You are asked to repeat the listing word for word and to leave out its pictures.

= Exercise data =
○ ○ ○ ○

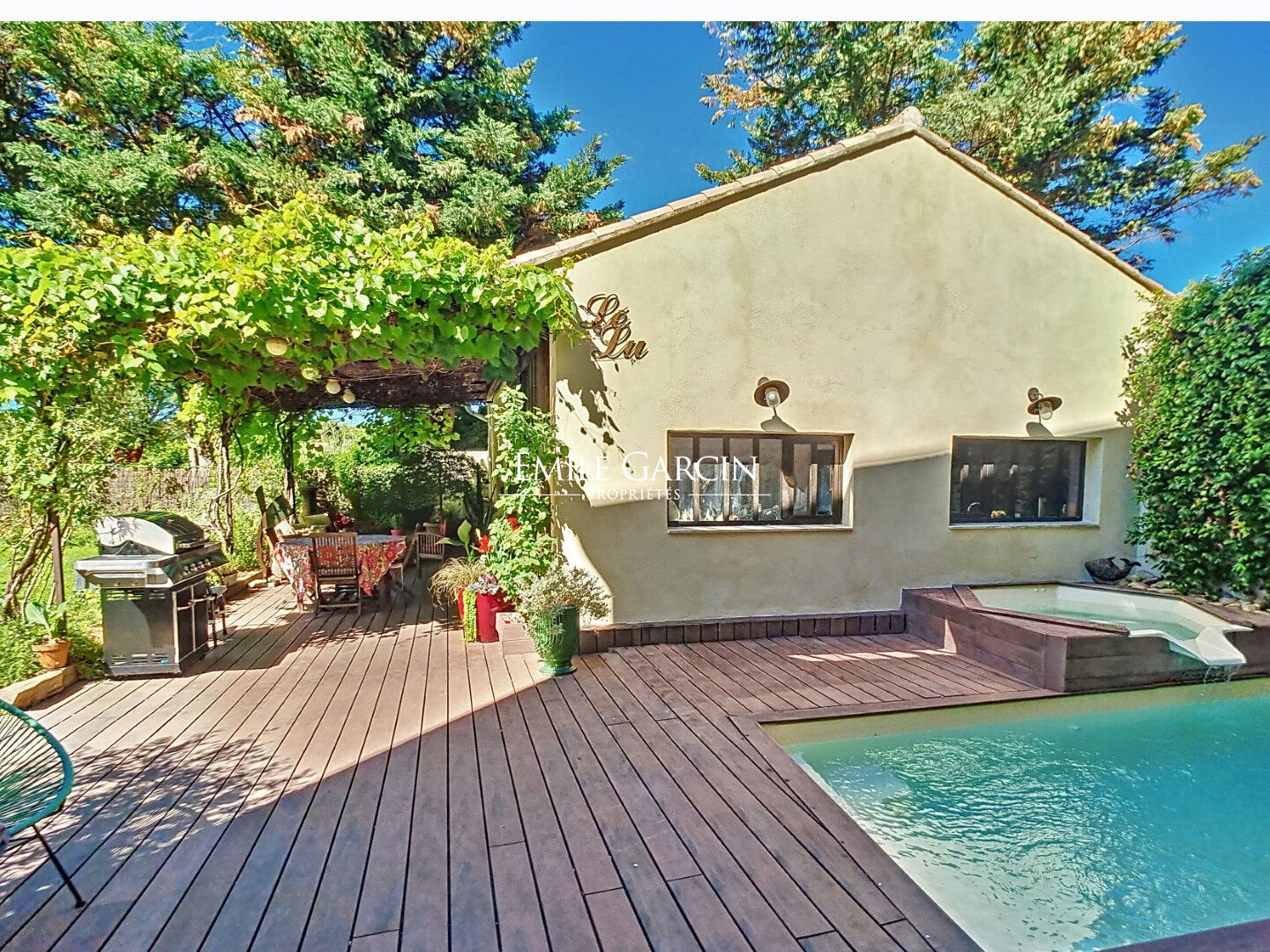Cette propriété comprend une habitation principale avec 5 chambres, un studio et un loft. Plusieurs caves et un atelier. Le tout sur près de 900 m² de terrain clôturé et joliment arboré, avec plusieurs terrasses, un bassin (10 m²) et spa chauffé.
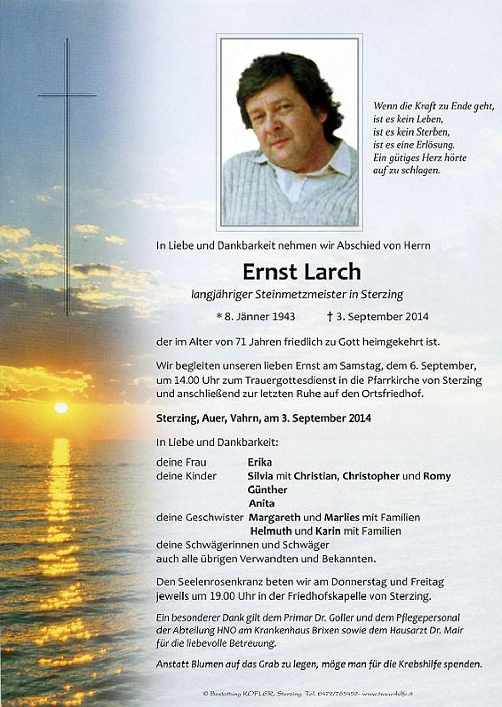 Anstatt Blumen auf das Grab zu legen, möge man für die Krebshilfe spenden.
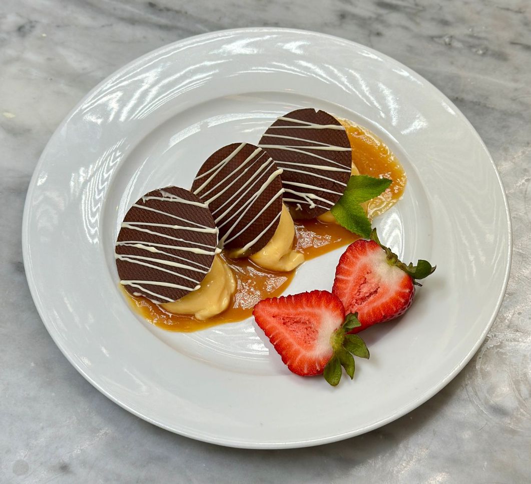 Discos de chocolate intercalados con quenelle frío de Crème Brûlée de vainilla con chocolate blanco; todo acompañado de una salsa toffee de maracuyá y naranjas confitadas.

○ ○ ○ ○

= Final answer =
Cette propriété comprend une habitation principale avec 5 chambres, un studio et un loft. Plusieurs caves et un atelier. Le tout sur près de 900 m² de terrain clôturé et joliment arboré, avec plusieurs terrasses, un bassin (10 m²) et spa chauffé.
 Anstatt Blumen auf das Grab zu legen, möge man für die Krebshilfe spenden.
 Discos de chocolate intercalados con quenelle frío de Crème Brûlée de vainilla con chocolate blanco; todo acompañado de una salsa toffee de maracuyá y naranjas confitadas.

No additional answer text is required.